Kann mir nicht vorstellen das schon irgendwo Datenrettungen für 200 Euro angeboten werden.

Die Treiber von denen Du redest sind lediglich dazu da damit die Festplatte unter älteren Betriebssystemen läuft.
Solang die Platte noch ein paar Daten liefern tut, kann eventuell ein Programm wie EasyRecovery (auch von Ontrack - und nein ich arbeite nicht für die *g*) helfen.
Wenn damit nichts mehr zu holen ist, wovon ich bei dem beschriebenen Verhalten des Laufwerkes leider ausgehe, bleibt nur noch die Platte an einen Datenrettungslabor zu schicken.



ronaldh hat gesagt.:


> Das HDD ein Entlüftungsloch haben, kann ich mir überhaupt nicht vorstellen, denn dadurch könnte auch was reinkommen. Und die Köpfe schweben im Mikrometer-Bereich über den Platten, und dürfen diese keinesfalls berühren. Da würde schon ein Staubkorn bei den hohen Umdrehungsgeschwindigkeiten wie ein Pflug auf dem Acker wirken!.
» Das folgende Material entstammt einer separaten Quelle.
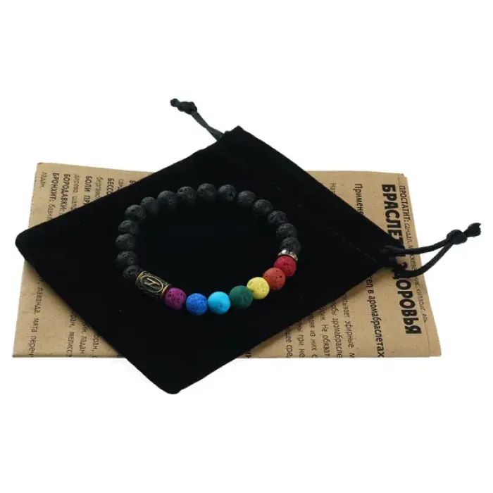 Размеры и комплектация: Внутренний диаметр браслета около 5.5 см, диаметр бусин 8 мм. В комплекте буклет со значениями чакр и рун, бархатный мешочек для хранения. Упаковка — прозрачный пакет с еврослотом.

http://www.heise.de/ct/faq/hotline/99/03/14.shtml


----------



## ronaldh (17. Januar 2008)

Alles klar, wieder was gelernt!


----------



## Psylo (17. Januar 2008)

Das mit dem Staub ist klar, hätte mich da wohl etwas besser ausdrücken können.


----------



## Raubkopierer (17. Januar 2008)

Und wieder haben wir alle was gelernt. Nun hab ich auch endlich ein vernünftiges Argument gegen so fettige Ölrechner...

Back to Topic: Wenn die Festplatte mechanisch Beschädigt ist (bei Stürzen und Schlägen durchaus wahrscheinlich) kann jeder Lesezugriff Daten zerstören. Und so bringen auch Datenrettungsprogramme nicht. Eine Firma wird wahrscheinlich die defekten Teile austauschen.
Meistens kann man die Festplatte erstmal analysieren lassen um einen Kostenvoranschlag zu erhalten. Dieser kostet besagte 50€ sofern man einer Datenrettung nicht zustimmt. Wenn man mit der Rettung der Daten und dem Preis dafür einverstanden ist (bewegt sich wie gesagt im dreistelligen Bereich. Teurer wirds erst bei massiven Schäden) erhält man eine Liste aus der man wählen kann falls man nicht alle Daten benötigt (Ein gerettetes Betriebssystem wiederherstellen ist doch verschwendetes Geld  )


----------